(Input data)
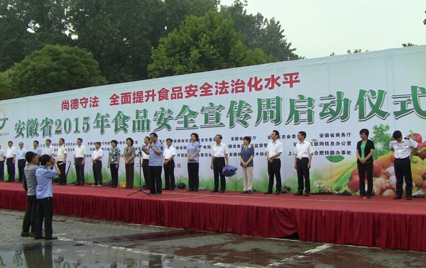 6月16日,全省食品安全宣傳周啟動(dòng)儀式在合肥市杏花公園門(mén)口隆重舉行。副省長(zhǎng)、省食品安全委員會(huì)副主任花建慧宣布活動(dòng)開(kāi)始,省農(nóng)委黨組成員、總農(nóng)藝師趙潁南參加宣傳周啟動(dòng)儀式。
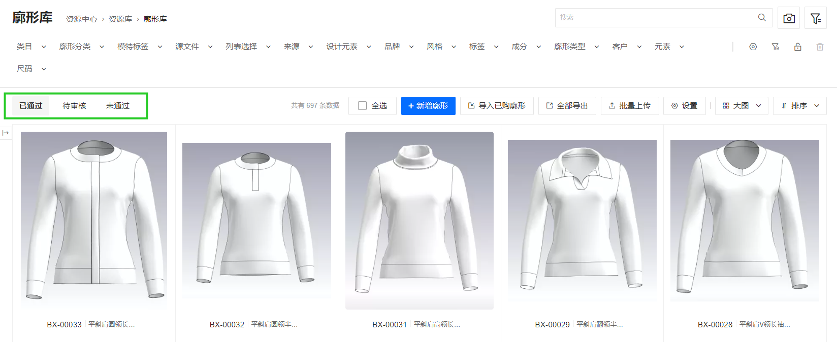 【新增审核】选择打开后,资源库左上角会出现【已通过】、【待审核】及【未通过】三种状态。
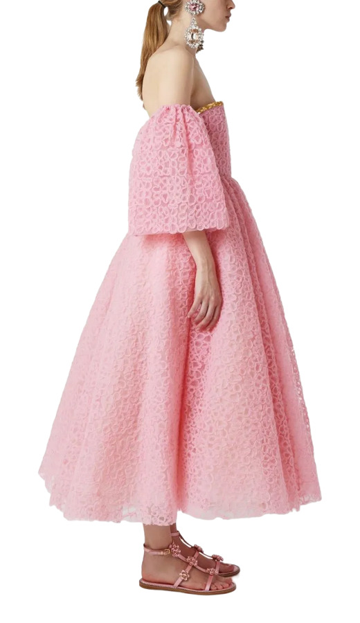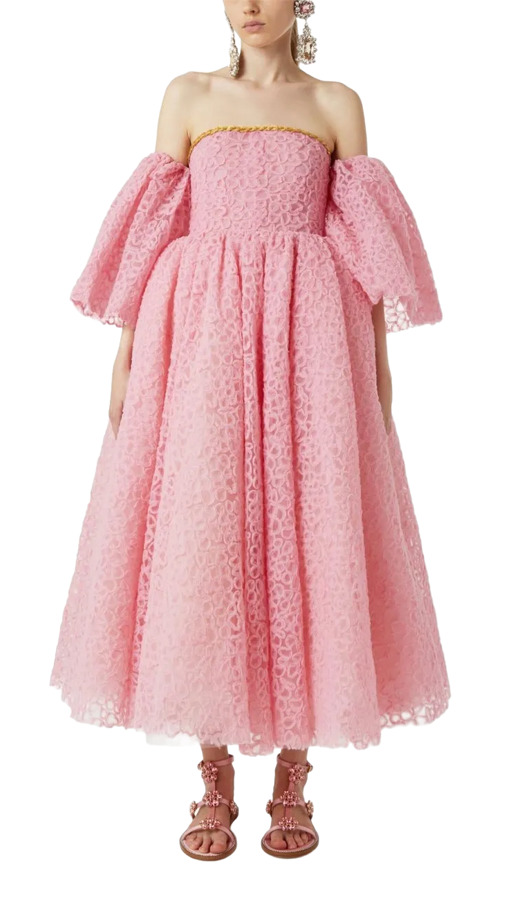 Embrace timeless elegance with the Giambattista Valli Lace-Embroidered Midi Dress. True to the label's refined aesthetic, this stunning pink dress features exquisite lace embroidery, adding a delicate touch to its sophisticated silhouette. Perfect for any special occasion, this dress captures the essence of femininity and grace!
(End Input data)
→ About this task
The whole listing should be transcribed exactly, though its pictures must be left out.

→ Written response
 6月16日,全省食品安全宣傳周啟動(dòng)儀式在合肥市杏花公園門(mén)口隆重舉行。副省長(zhǎng)、省食品安全委員會(huì)副主任花建慧宣布活動(dòng)開(kāi)始,省農(nóng)委黨組成員、總農(nóng)藝師趙潁南參加宣傳周啟動(dòng)儀式。
 【新增审核】选择打开后,资源库左上角会出现【已通过】、【待审核】及【未通过】三种状态。
 Embrace timeless elegance with the Giambattista Valli Lace-Embroidered Midi Dress. True to the label's refined aesthetic, this stunning pink dress features exquisite lace embroidery, adding a delicate touch to its sophisticated silhouette. Perfect for any special occasion, this dress captures the essence of femininity and grace!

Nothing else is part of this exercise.